Ok, let's run a little analysis script provided by ssch:

mmu = MaxMemoryUsed[];
n = 20*10^6;
{w, h} = {5000, 5000};
data = RandomVariate[NormalDistribution[], {n, 2}];
bins = BinCounts[data,
 {Min[data], Max[data], (Max[data] - Min[data])/w},
 {Min[data], Max[data], (Max[data] - Min[data])/h}];
i = Image[bins /. {0 -> {0, 0, 0}, 1 -> {1, 0, 0}, 2 -> {1, 1, 0},
                   3 -> {0, 0, 1}, _?IntegerQ -> {1, 1, 1}}];
mmu2 = MaxMemoryUsed[];
mmu2 - mmu

The result for my value of n is $\approx 600*10^6$. Increasing n by an order of magnitude to $20*10^7$ yields a memory usage of $\approx 12*10^9$, however, if we run the script again, overwriting the "data" data structure, the memory usage reported is again only $\approx 600*10^6$.

However, if we increase the bin sizes to {w, h} = {10000, 10000}, the memory usage jumps to $\approx 3.5*10^9$ (for the first run), and then oddly $\approx 2.5*10^9$ for subsequent runs (since I suppose we're overwriting previous data structures). My conclusion is that an increase in the number of bins is responsible for the blowup in RAM usage.

Michael E2
  • 235,386
  • 17
  • 334
  • 747
Brownian
  • 53
  • 3
  • Is it in Export, Image or ArrayPlot you see the high memory usage?

    How does something like `n = 1000000; {w, h} = {5000, 5000}; data = RandomVariate[NormalDistribution[], {n, 2}];

    bins = BinCounts[data, {Min[data], Max[data], (Max[data] - Min[data])/w}, {Min[data], Max[data], (Max[data] - Min[data])/h}]; i=Image[bins /. {0 -> {0, 0, 0}, 1 -> {1, 0, 0}, 2 -> {1, 1, 0}, 3 -> {0, 0, 1}, _?IntegerQ -> {1, 1, 1}}];` behave memory-wise?

    – ssch Aug 11 '13 at 22:24
  • @ssch That didn't break a GB of RAM. I suspect the problem is ArrayPlot, since I recall that causing a huge memory burdon in isolation.

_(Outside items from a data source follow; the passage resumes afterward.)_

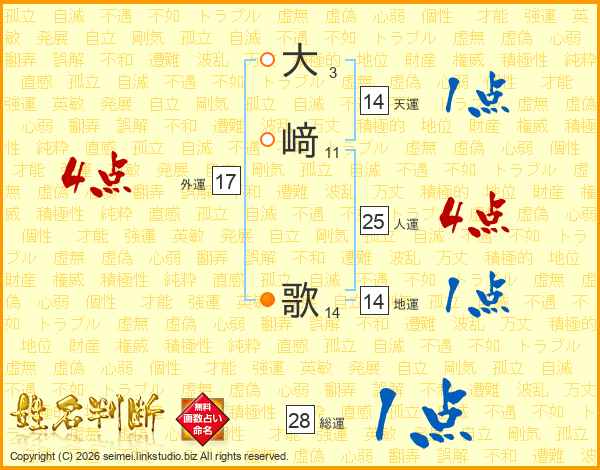大﨑歌さんの人運は25画の4点!
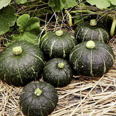 アメリカ大陸原産のカボチャは、カロテンやピタミンCなどを豊富に含む栄養価の高い緑黄色野菜で、日本では西洋カボチャ、日本カボチャ、ペボカボチャの3種が栽培されている。主流は西洋カボチャで、果肉が粉質でほくほくとして甘味が強く、栗カボチャとも呼ばれる。日本カポチャは果肉が粘質でねっとりした風味があり、ペポカボチャは果実の形や食味の風変わりなおもしろいものが多い。カボチャは果菜の中では最も強健で、土嬢適応性も広く旺盛に育ち、病虫害も比較的少なく家庭菜園では無農薬栽培も十分に可能である。1株でかなり広い面積を取ってしまが、垣根に這わせたり、日除け代わりに棚づくりにするなど、立体的な栽培も楽しめる。施肥では、窒素過多になると「つるぽけ」を起こし落果の原因となるので注意。
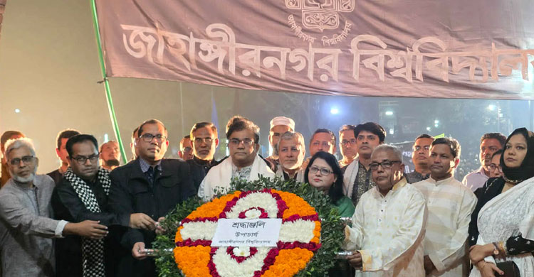 যথাযোগ্য মর্যাদা ও ভাবগাম্ভীর্যের মধ্য দিয়ে জাহাঙ্গীরনগর বিশ্ববিদ্যালয়ে শহীদ দিবস ও আন্তর্জাতিক মাতৃভাষা দিবস পালিত হয়েছে। শনিবার (২১ ফেব্রুয়ারি) দিবসের প্রথম প্রহরে বিশ্ববিদ্যালয়ের কেন্দ্রীয় শহীদ মিনারে ফুল দিয়ে ভাষা শহীদদের প্রতি শ্রদ্ধা নিবেদন করেন উপাচার্য অধ্যাপক ড. মোহাম্মদ কামরুল আহসান।
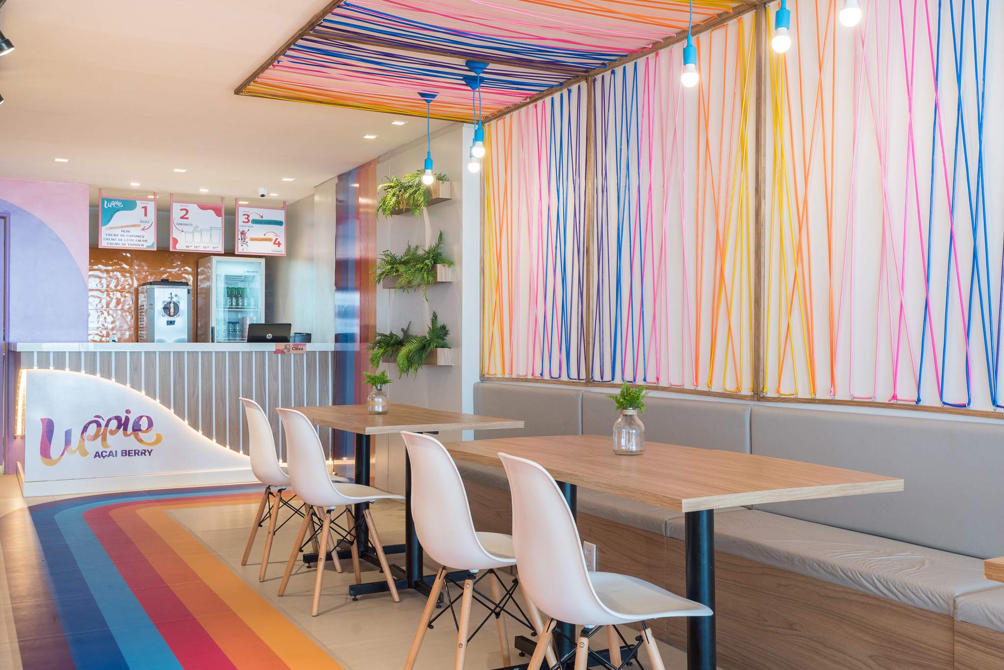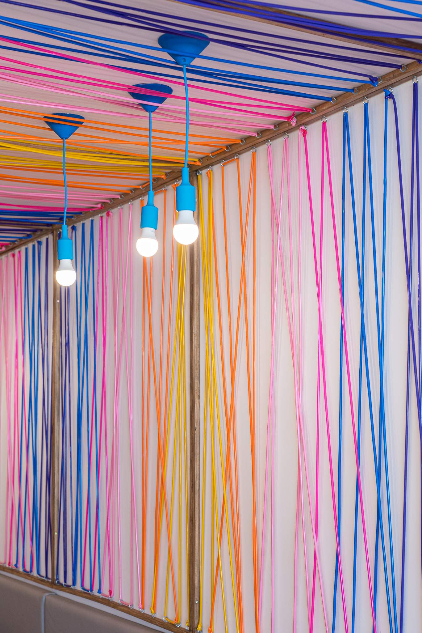 Custom wall and ceiling panels made of colourful spaghetti cords create a striking focal point, introducing rhythm and visual continuity throughout the space. Balanced by natural wood tones and soft lighting, the design achieves a cheerful and inviting atmosphere that captures the joyful essence of the brand.

However, as soon as I regenerate my data set, I'll provide explicit RAM usage values for everything. – Brownian Aug 11 '13 at 22:28
  • This is quite likely a packing issue... The 50k x 50k array (assuming it is packed, it will have as little memory footprint as possible) will unpack inside ArrayPlot, causing it to eat up a LOT of memory – rm -rf Aug 11 '13 at 22:34
  • @rm-rf Do you see a way forward, or is this problem fundamental? – Brownian Aug 11 '13 at 22:45
  • @rm-rf Why would Mathematica need to unpack the array? Can I tell ArrayPlot to assume all of the array entries are integers or real numbers (no symbolic values, etc.)? – Brownian Aug 11 '13 at 23:29
  • @Brownian I'm not sure... it was only a guess though. Unfortunately, I can't test it out right now. – rm -rf Aug 12 '13 at 00:18
  • @rm-rf, Brownian ArrayPlot does seem to unpack. (For those who don't know, set On["Packing"] to get messages when arrays are unpacked.) Image[1 - bins/N@Max[bins]] does not unpack when I run it. – Michael E2 Aug 12 '13 at 00:23
  • @MichaelE2 Syntactically, how would I fix my line of code to generate histograms with the On["Packing"] specification? – Brownian Aug 12 '13 at 00:53
  • Have you tried using Raster directly? Likely it is calculating the colors that unpacks it. You'll have to play to get it to do so without unpacking. – rcollyer Aug 12 '13 at 01:32
  • I'm just curious - what do you use the 50000 by 50000 pixel image for? Do you print it? – cormullion Aug 12 '13 at 06:34
  • @cormullion That would be a heck of a printer. I'm just outputting the image to have something I can conveniently search and zoom around on with any of a number of image viewer programs. Outside of the image format, I haven't found a good way of visualizing a data set of this size in a Mathematica notebook. – Brownian Aug 12 '13 at 10:08
  • Yes - 4 meter wide rolls of paper...! – cormullion Aug 12 '13 at 10:22

1 Answers1

5

This seems to work -- well, on the small example. I don't have 200GB to play with.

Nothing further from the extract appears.